Estonia participated at the European Basketball Championship for the first time in 1937. The team won its first game against Egypt 44–15, but failed to advance past the group stage after suffering a 15–20 defeat against Lithuania, and a 20–30 defeat against Italy. Estonia finished the tournament to place fifth in the final rankings, after defeating Czechoslovakia 30–20 and Latvia 41–19.

Two years later at the EuroBasket 1939, the tournament used a different format from the previous championship, with eight teams facing off in a round-robin competition. Estonia finished the tournament with a (4–3) record and again finished in fifth place at the event. Heino Veskila was the tournament's scoring leader averaging 16.7 points per game.

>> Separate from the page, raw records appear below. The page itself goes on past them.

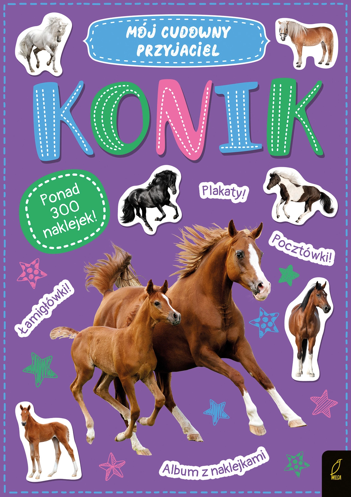 Mój cudowny przyjaciel. Konik Uwielbiasz zwierzaki? Marzysz o koniku? Sięgnij zatem po album Mój cudowny przyjaciel. Konik! W książce przeczytasz ciekawostki o końskich rasach, rozwiążesz łamigłówki, znajdziesz plakaty do wycięcia i zdjęcia uroczych koni. Dodatkowo w środku czeka na Ciebie ponad 300 naklejek!
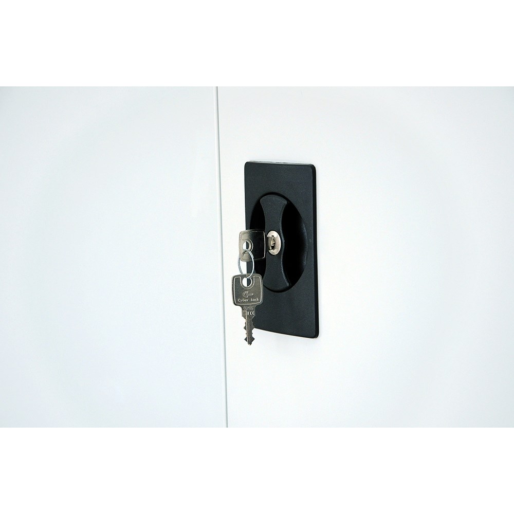 • GO swing door cupboards have a flush lock and two adjustable shelves.
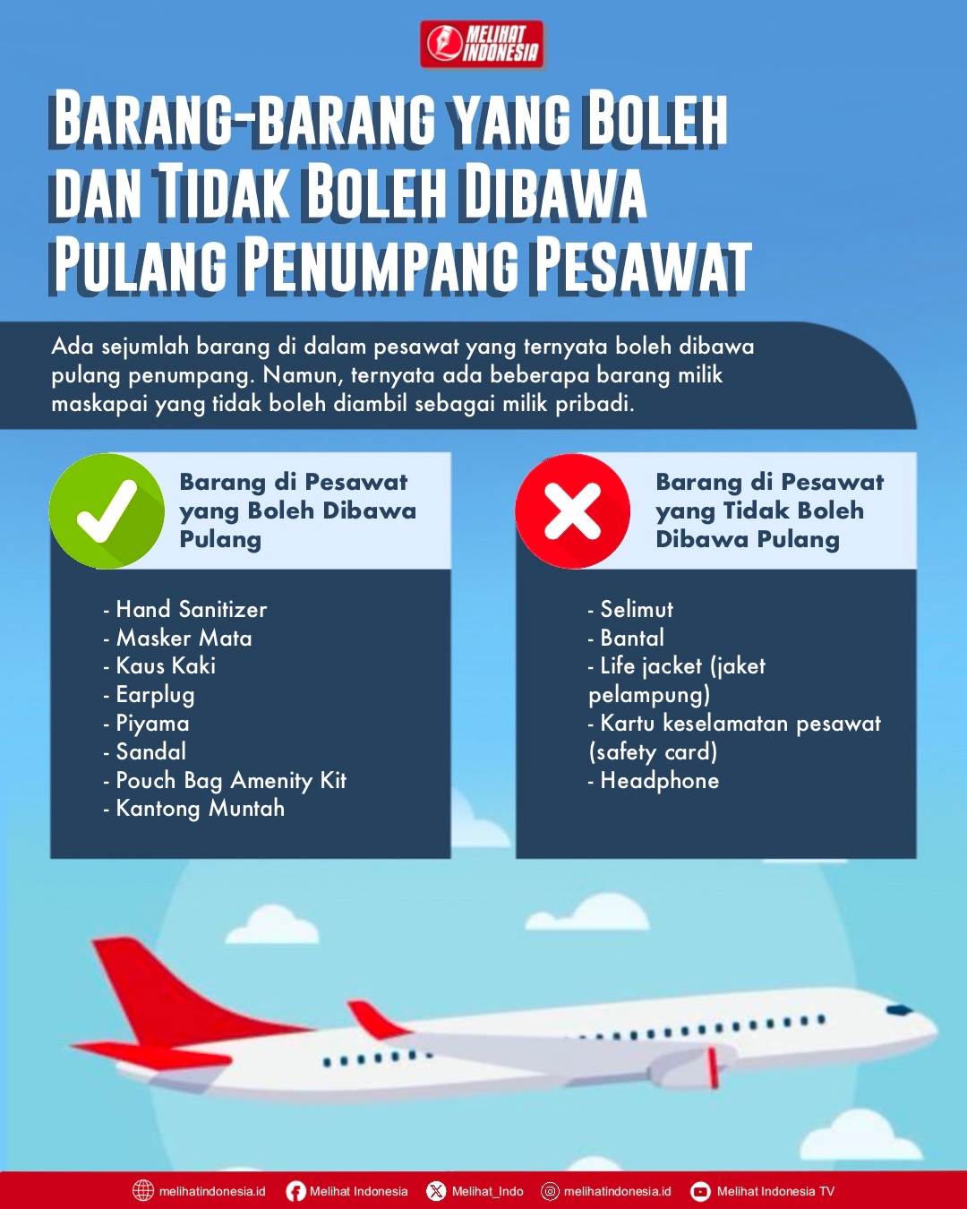 MELIHAT INDONESIA – Ada sejumlah barang di dalam pesawat yang ternyata boleh dibawa pulang penumpang.

In 1940, Estonia was occupied by the Soviet Union and the team was disbanded.

===National team restored (1990s)===
After the restoration of independence, the Estonian Basketball Association rejoined FIBA in 1991. Estonia qualified for EuroBasket 1993, held in Germany. Despite missing star players Martin Müürsepp and Tiit Sokk, the team, coached by Jaak Salumets won their group in the preliminary round, finishing ahead of Slovenia, Belgium, and hosts and eventual champions Germany. In the second round, Estonia finished third in their group and advanced to the quarter-finals, where the team lost to Russia 61–82 to be eliminated. In the classification rounds, Estonia defeated Bosnia and Herzegovina 99–91 and lost to Spain 80–119, finishing the championship in sixth place with a (6–5) record. Aivar Kuusmaa was the team's scoring leader with 19.9 points per game.

===2000s–2010s===

Gregor Arbet, Kristjan Kangur and Janar Talts led the national team during the 2010s.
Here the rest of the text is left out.